Lastly, unlike The White Mountains and some of his novels for adults which consist of long, gruelling journeys which end up wearing down the reader as well as the protagonists, The Guardians has a compelling symmetry and circularity to the storyline, and it ends on a pleasing note of excitement and expectation. It is a good novel for older children (11 to 14).

The Guardians

Future It is 70 or 80 years in the future. England is divided into the ‘County’, a rumoured land of leisure beyond the ‘Barrier’, and the ‘Conurbs’, the extensive urban areas in one of which lives Rob Randall. Rob’s been living in an apartment in a high rise with his dad since his mum died after a long illness.

Conurbs The Conurbs are packed. People live in high rise blocks and have access to futuristic gadgets. Monorails run at up to 200 kilometres an hour. Cars run on predetermined routes. There are portable lumoglobes.

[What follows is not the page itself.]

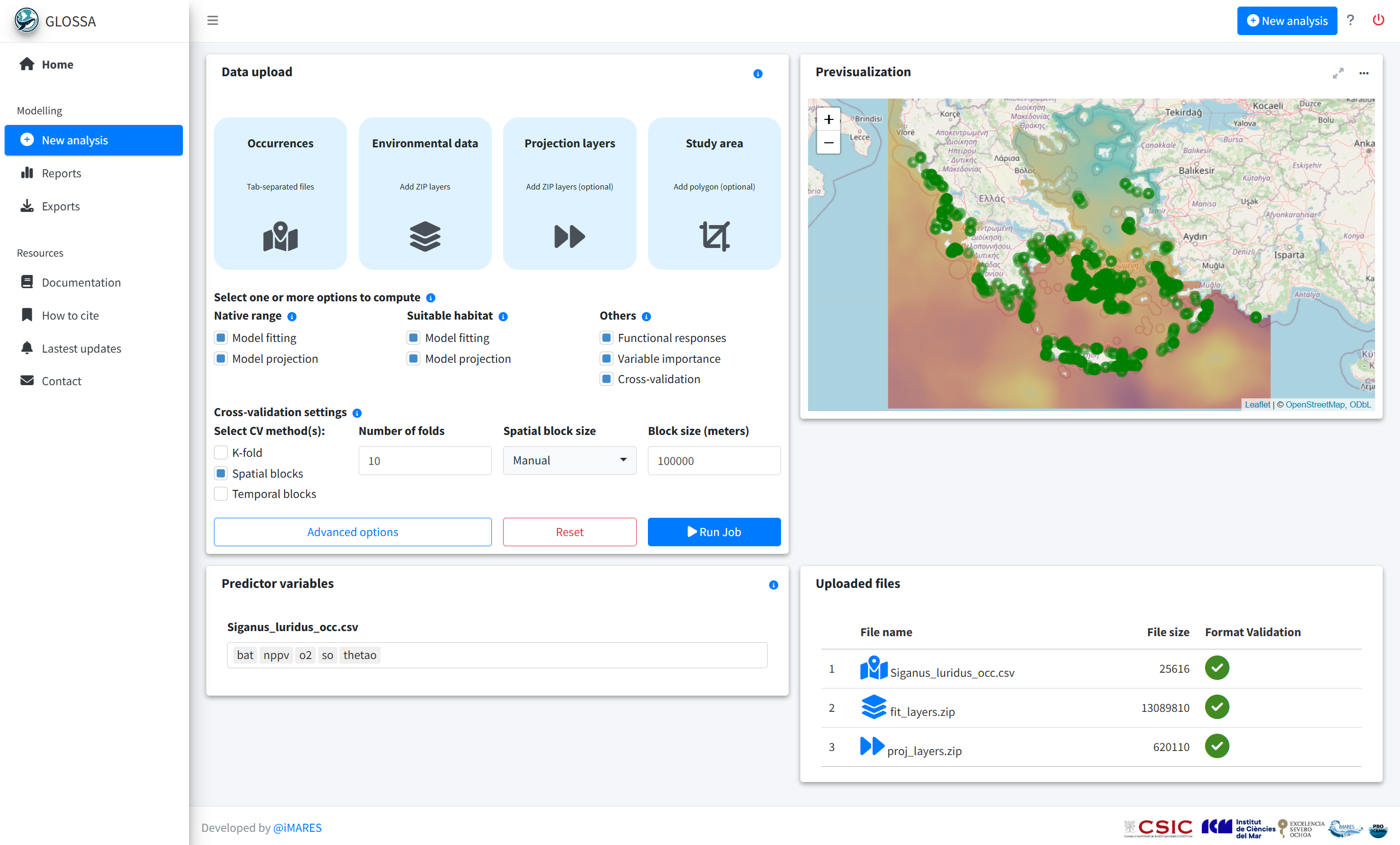 We upload the occurrence file for S. luridus and the environmental layers for model fitting and projection (in this case, the year 2020). To estimate the native range and suitable habitat, we selected the Model fitting and Model projection options for both the Native range and Suitable habitat models. Additionally, we enabled Functional responses, Variable importance and Cross-validation in the Others section.

Games The populace is kept entertained with bread in and circuses, in this instance the high-speed often violent Games held in massive Stadiums, including terraplaning where jet-propelled cars hurtle round a cambered track, occasionally crashing, to the cheers of the crowds. Crowds entering or exiting often turn into mobs, creating hysterical crushes.

China war The world is at peace as far as we know, except for a permanent war in faraway China, which people rarely talk about, and never seems to present any threat.

Library Rob gets caught in one of these sudden mob crushes on the way back from the library. The library is falling to bits, no-one goes there. A sign outside says it was opened as long ago as 1978 (thus setting the story in what was then the future). This is because in the Conurbs hardly anybody reads books or writes anything. Everybody watches holovision (HV) or dictates messages into handheld recorders.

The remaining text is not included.